Hello! tout va bien… je suis posée sur mon canapé et je me réjouis du weekend qui va arriver.

Peux-tu te présenter ? Dis nous en un peu plus à ton sujet.
D’origine Tessinoise, j’ai vécu jusqu’à l’âge de 10 ans dans  un petit village de la Valle Leventina, là où la route se termine… Après cette étape de ma vie en plein contact avec la nature, j’ai déménagé avec ma famille à Bellinzona où j’ai  j’ai passé le reste de mon enfance. Après ma formation professionnelle de base, à l’âge de 19 ans, j’ai décidé de m’éloigner du Tessin pour essayer de poursuivre mon rêve de devenir photographe. Ceci m’a amenée à Lausanne à L’Ecole Cantonale d’Art de Lausanne (ECAL), où j’ai eu mon diplôme en 2008 et où j’ai travaillé comme assistante dans la section de photographie pendant deux ans. Durant mes deux années d’assistanat, j’ai eu le temps de me construire un réseau professionnel  en dehors de l’école avec mon associé Tonatiuh Ambrosetti, ce qui m’a ensuite permis de commencer mon activité en tant que photographe indépendante.
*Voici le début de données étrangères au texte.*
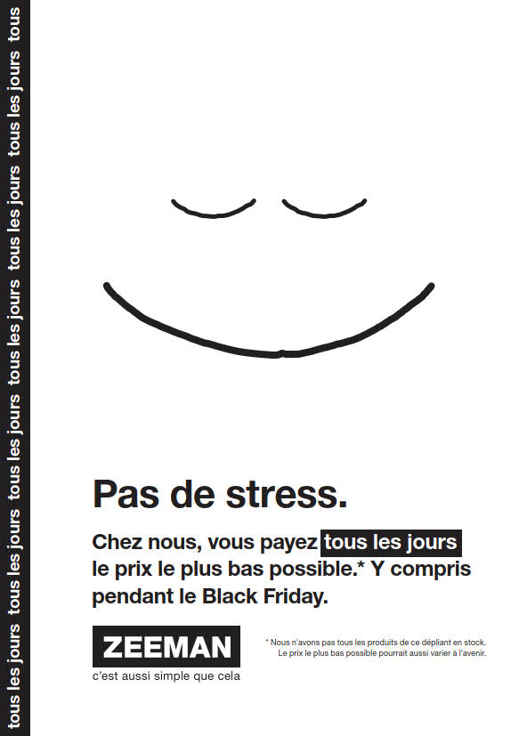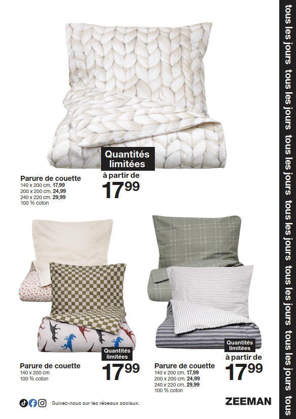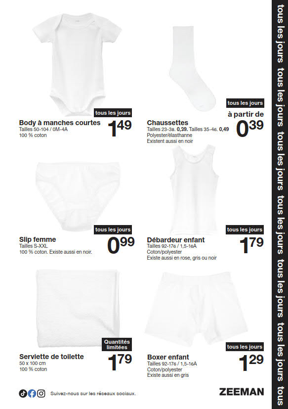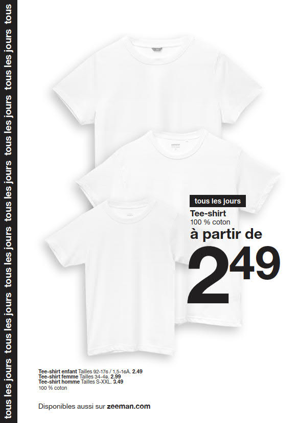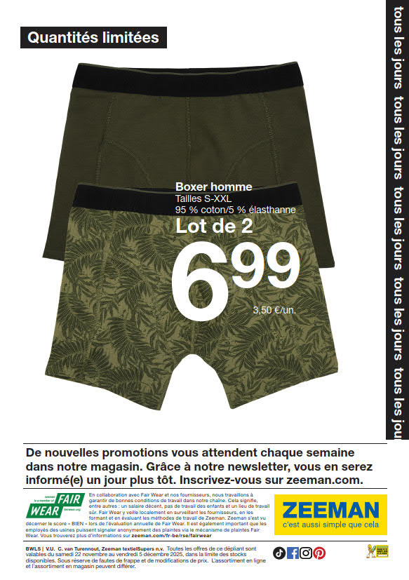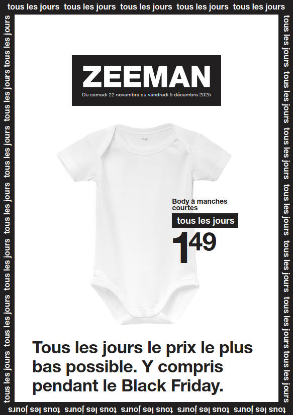 Vous êtes à la recherche de bonnes affaires et de réductions exceptionnelles? Ne cherchez plus loin que Zeeman pour répondre à tous vos besoins en matière de shopping. Nos promotions et offres sont proposées à des prix incroyablement bas, et notre gamme de produits convient à tous les goûts et à tous les budgets. Consultez notre brochure de promotion valable du 22 novembre au 05 décembre, et explorez le catalogue pour créer votre liste de courses. Ne manquez pas nos offres hebdomadaires et nos offres exclusives et restez à jour avec les dernières offres et réductions chez Zeeman.

Parle nous de ton vécu avec la photographie. Y-a t’il une photo qui t’a donné envie de faire ce métier ?
Depuis toute petite j’ai adoré jouer avec des appareils photos. J’ai d’ailleurs toujours les premières images que j’ai faites vers l’âge de 8 ans. Mais ma vraie passion pour la photographie s’est construite peu à peu. Pour mes 16 ans, je me rappelle que j’avais demandé comme cadeau un trépied, pas très glamour mais très utile. Je ne sais pas dire s’il y a eu une photo ou un moment précis où dans ma tête il y a eu un déclic…  C’est vraiment une passion que j’ai cultivé pendant des années en achetant des tonnes de magazines comme Photo, Vogue Italy, Colors,… pendant mon adolescence, et ensuite en achetant des livres et en allant visiter des musées. Pour moi c’est un vrai besoin physique de tout le temps chercher de nouvelles images, de me confronter avec ce qu’il se fait ici et ailleurs. La photographie est un moyen de s’exprimer qui me correspond car je pense que l’image est essentielle: l’image qu’on donne de nous, l’image qu’on donne à un objet ou à une entreprise.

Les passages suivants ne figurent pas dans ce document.